Exact copy, pictures omitted: the line holding "Pencil Appliqued Half-Sleeve" and every line after it down to the end of the entries.

Segment Start: DATA RECORDS

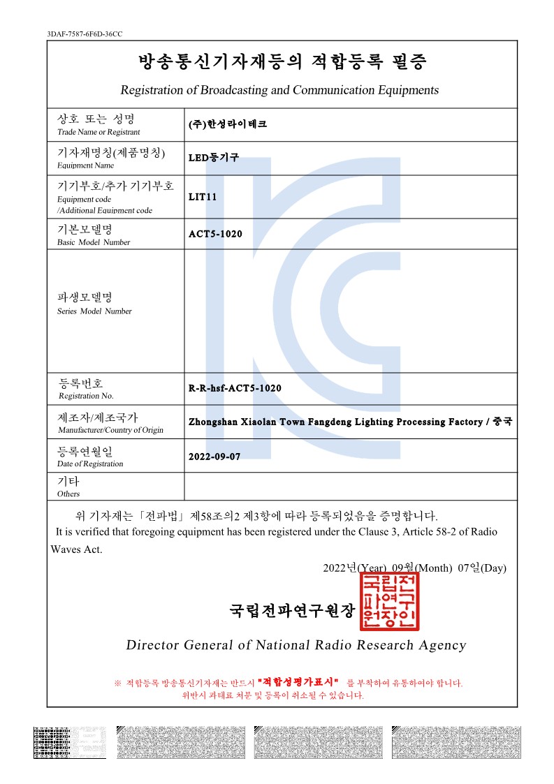 HSFL-HI-640640-57K-40W 직하평판 고효율인증서
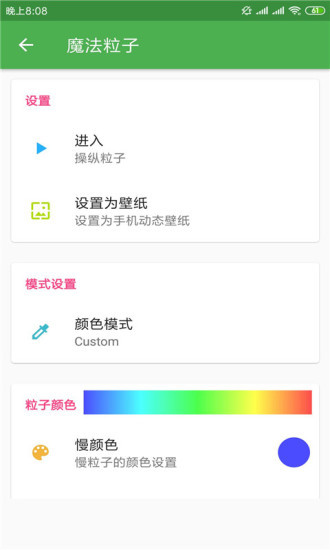 这是一款经典的粒子软件!应用中,你可以设置粒子的颜色,速度,力量系数等等参数,软件超酷的地方在于你可以设置你独立配置的粒子,并且可以设置为你的手机动态墙纸,还可以录制视频,经典大作,不容错过噢!
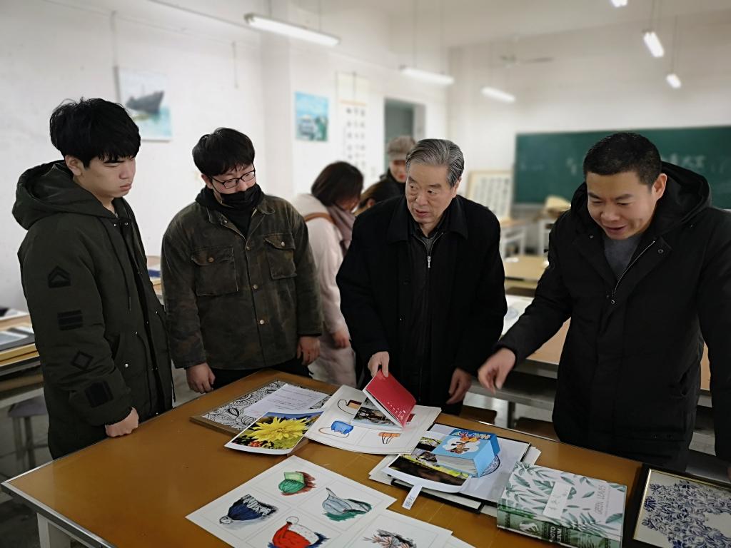 本次结课作品展共展出学生结课作品100余件。同学们充分结合所学专业知识,利用自己的创作灵感,通过对传统元素进行了创新性探索与尝试,创作出内容丰富、形式多样、表现效果突出的作品,彰显了同学们鲜明的个性魅力和活跃的设计思维。谢登喜老师作为课程主讲教师,详细讲解了结课作品展创作的背景、过程及背后的故事。学院总支书记王宇、副院长刘玉森和学院部分教师参观了作品展,王宇现场点评了部分作品,并勉励同学要重视课堂理论学习、积极参与社会实践,争取创作出更多的优秀作品。
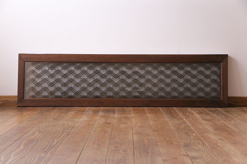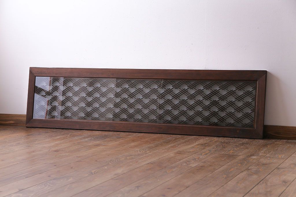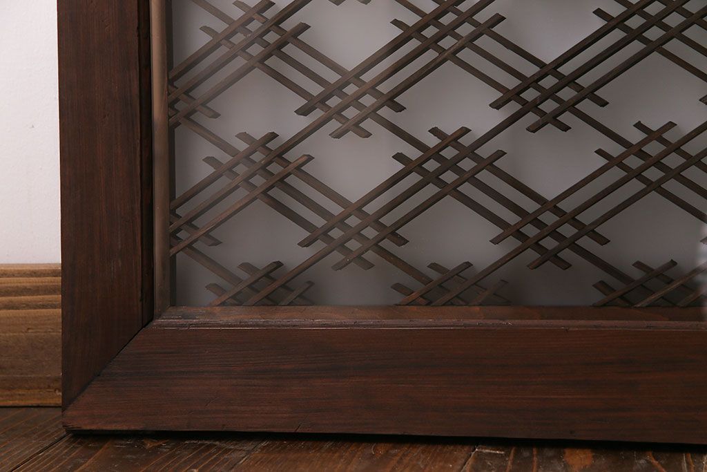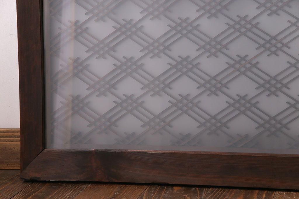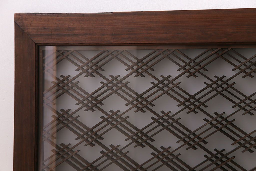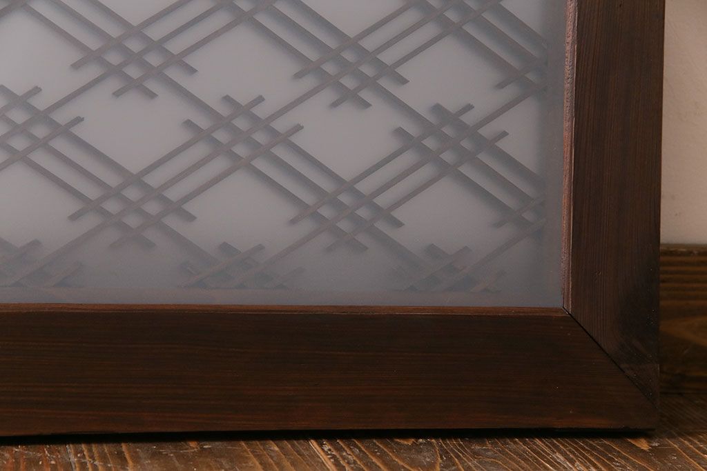 幾何学的なデザインが魅力の割菱組子欄間(ガラス欄間、はめ殺し戸)(2)です。 割菱の幾何学的なデザインが魅力の 昭和初期の組子欄間です。 繊細な雰囲気が漂う欄間を取り入れれば お部屋もひとつ上の演出ができますよ。 裏側に曇りガラスが入った両面ガラスなので、 お手入れもしやすいです。 和モダンなお部屋のアクセントにもおすすめです。 使用上問題のあるダメージはありません。 ■框サイズ 上65mm/左55mm/右55mm/下55mm ■重量 約9kg
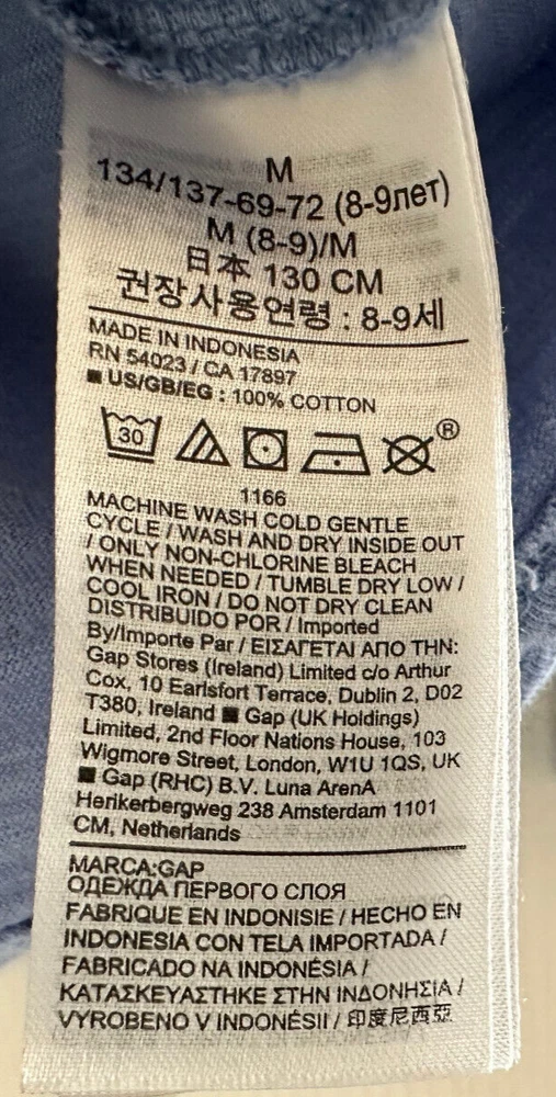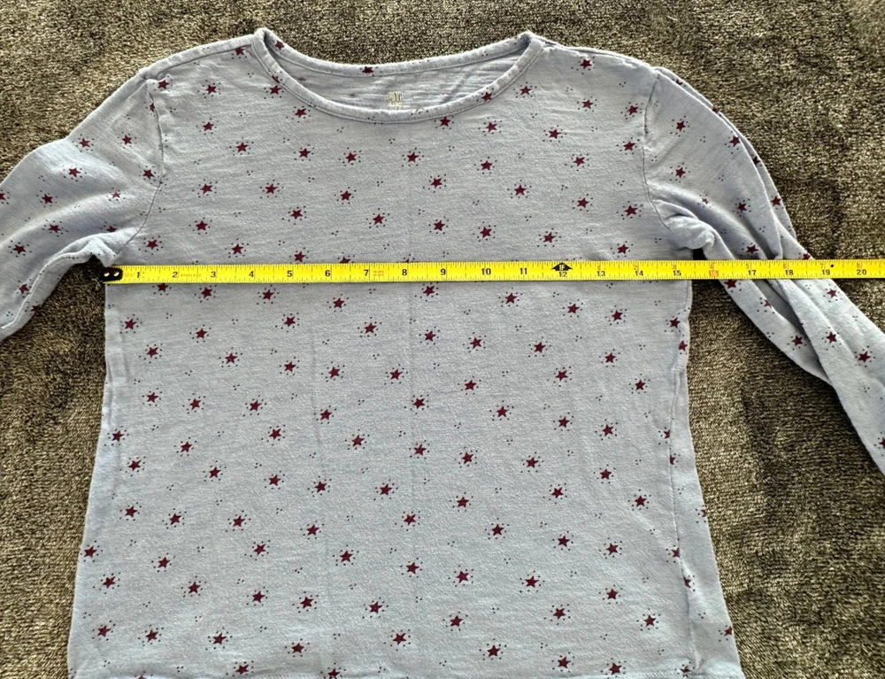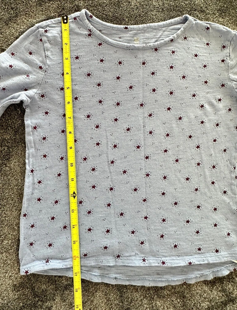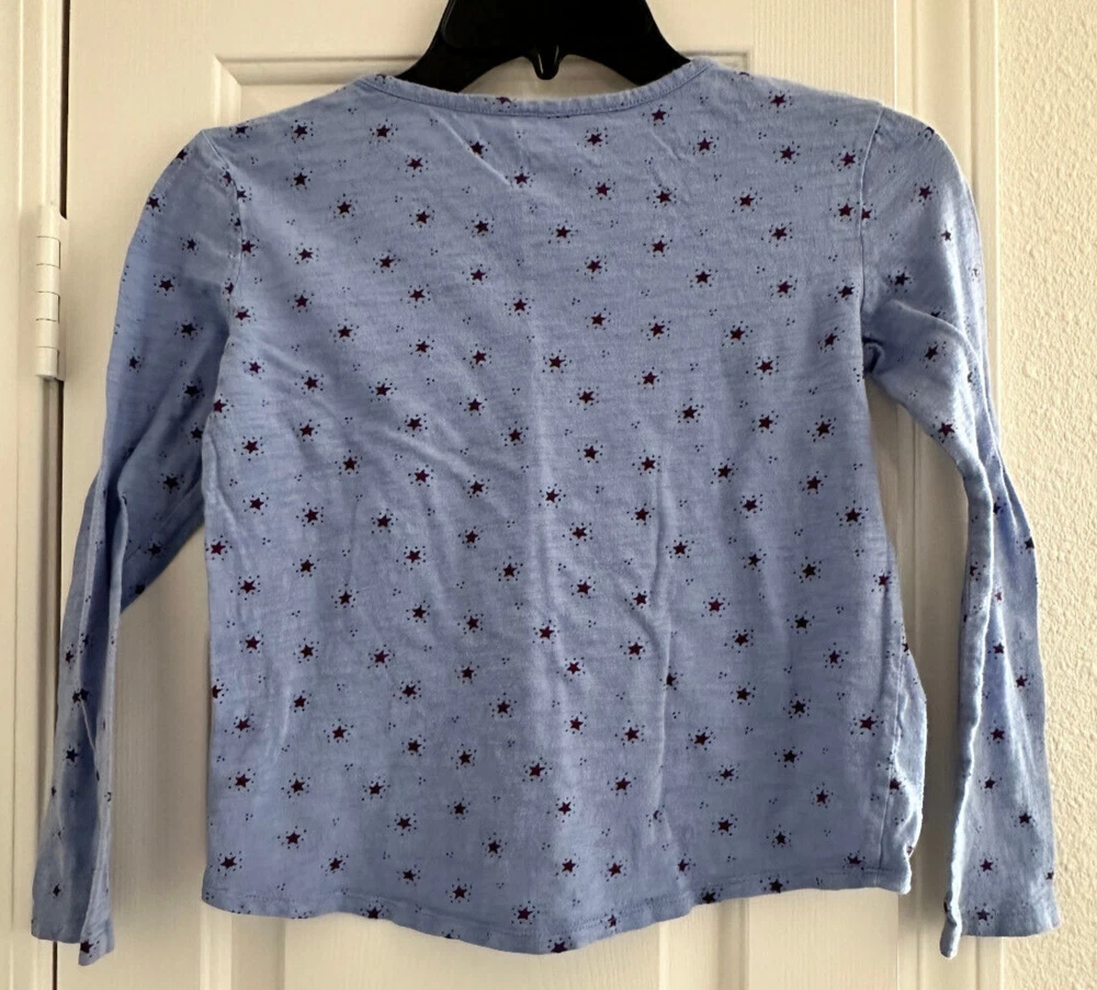 Brand: Gap Country/Region of Manufacture: Indonesia Neckline: Round Neck Fit: Regular Theme: Stars Color: Blue Pattern: Solid Material: 100% Cotton Sleeve Length: Long Sleeve Handmade: No Department: Girls Garment Care: Machine Washable Performance/Activity: Running & Jogging, School, Walking Season: Fall, Spring, Summer, Winter Personalize: No Vintage: No Closure: Pullover Features: Easy Care Size: 8-9 Style: Pullover Occasion: Activewear, Casual, Travel Type: T-Shirt
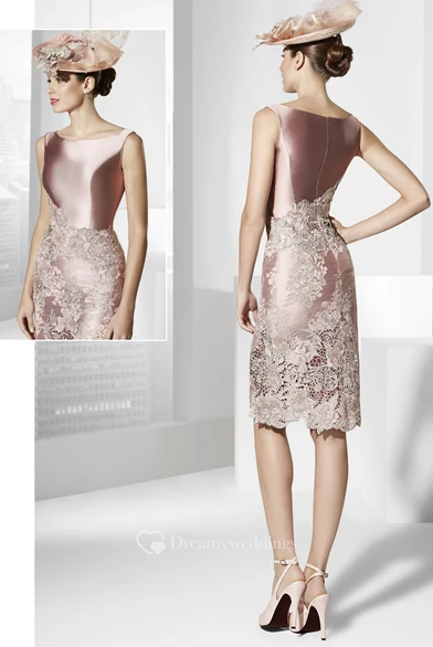 Pencil Appliqued Half-Sleeve Knee-Length Satin Prom Dress With Jacket
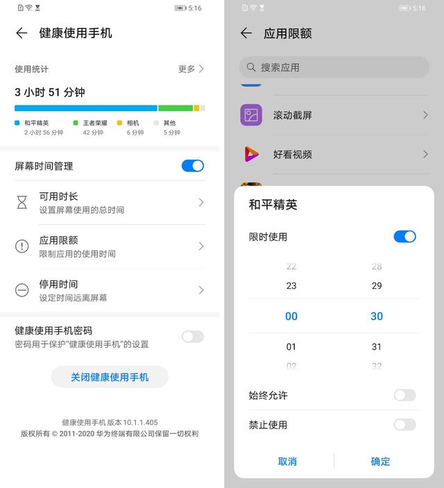 健康使用手機(jī)則可詳細(xì)了解手機(jī)運(yùn)行各種APP的時(shí)間,如果家中有孩子的朋友,還可以設(shè)置各種APP的使用時(shí)間與密碼,防住游戲沉迷。
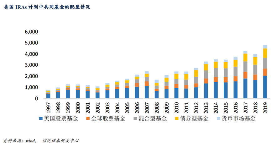 截至2020,根据ICI统计,共同基金是IRA 账户的主要投资工具,IRAs 计划中的共同基金共计5.6万亿美元,占总投资的45%左右。
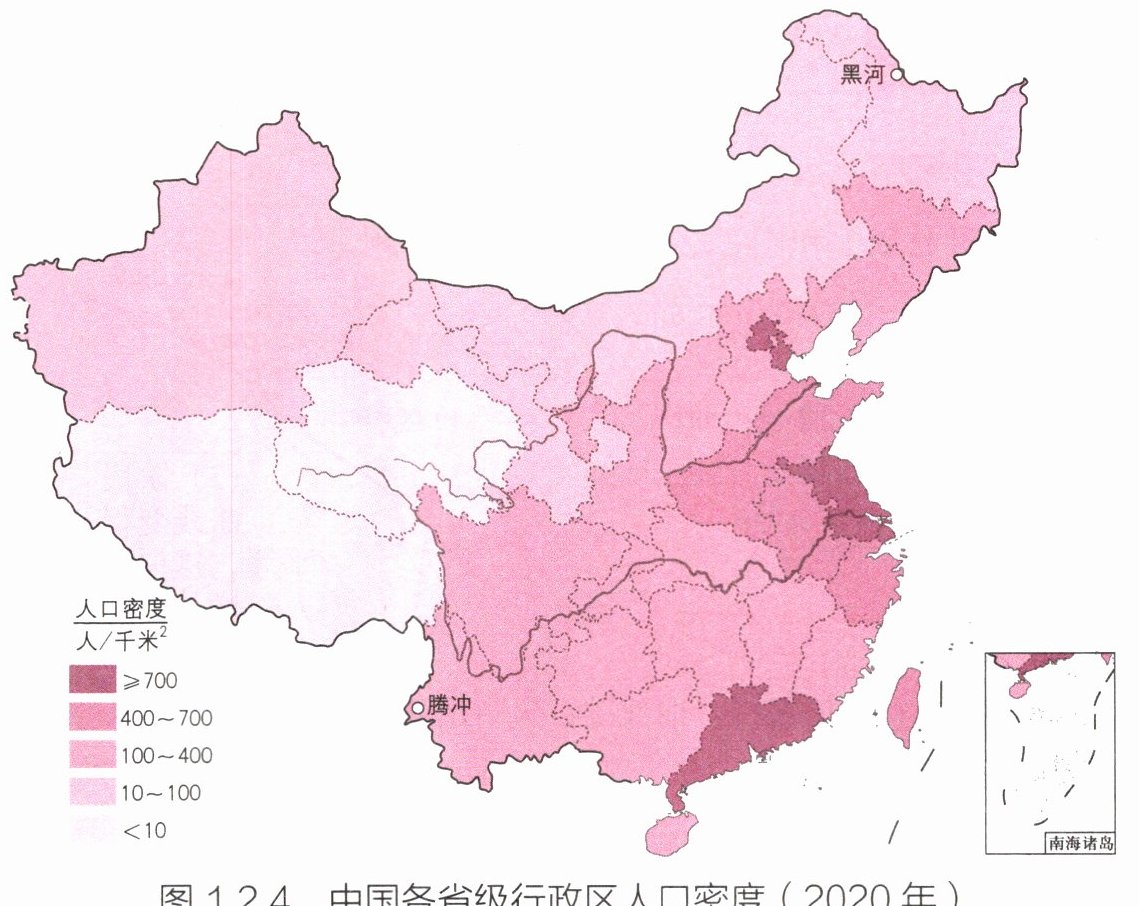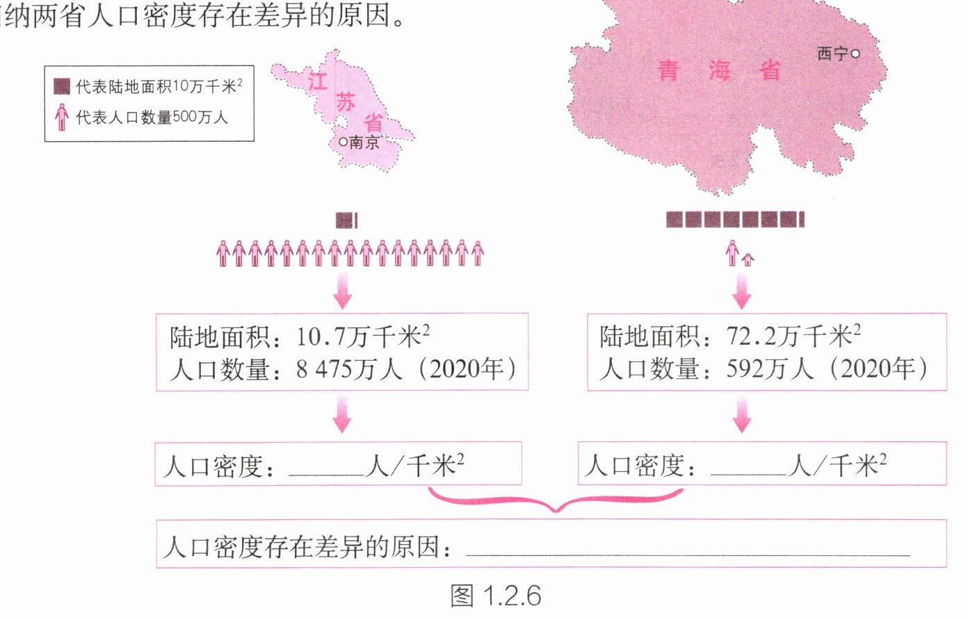 读图 1.2.6,计算江苏省和青海省的人口密度(保留整数),归纳两省人口密度存在差异的原因。
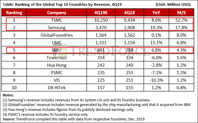 市場調研調研機構TrendForce的數據顯示,2019年第四季度全球半導體代工市場中,台積電市佔率達52.7%,三星為18.7%。

Segment End: DATA RECORDS

■ RESULT OF THE EXERCISE:
 Pencil Appliqued Half-Sleeve Knee-Length Satin Prom Dress With Jacket
 健康使用手機(jī)則可詳細(xì)了解手機(jī)運(yùn)行各種APP的時(shí)間,如果家中有孩子的朋友,還可以設(shè)置各種APP的使用時(shí)間與密碼,防住游戲沉迷。
 截至2020,根据ICI统计,共同基金是IRA 账户的主要投资工具,IRAs 计划中的共同基金共计5.6万亿美元,占总投资的45%左右。
 读图 1.2.6,计算江苏省和青海省的人口密度(保留整数),归纳两省人口密度存在差异的原因。
 市場調研調研機構TrendForce的數據顯示,2019年第四季度全球半導體代工市場中,台積電市佔率達52.7%,三星為18.7%。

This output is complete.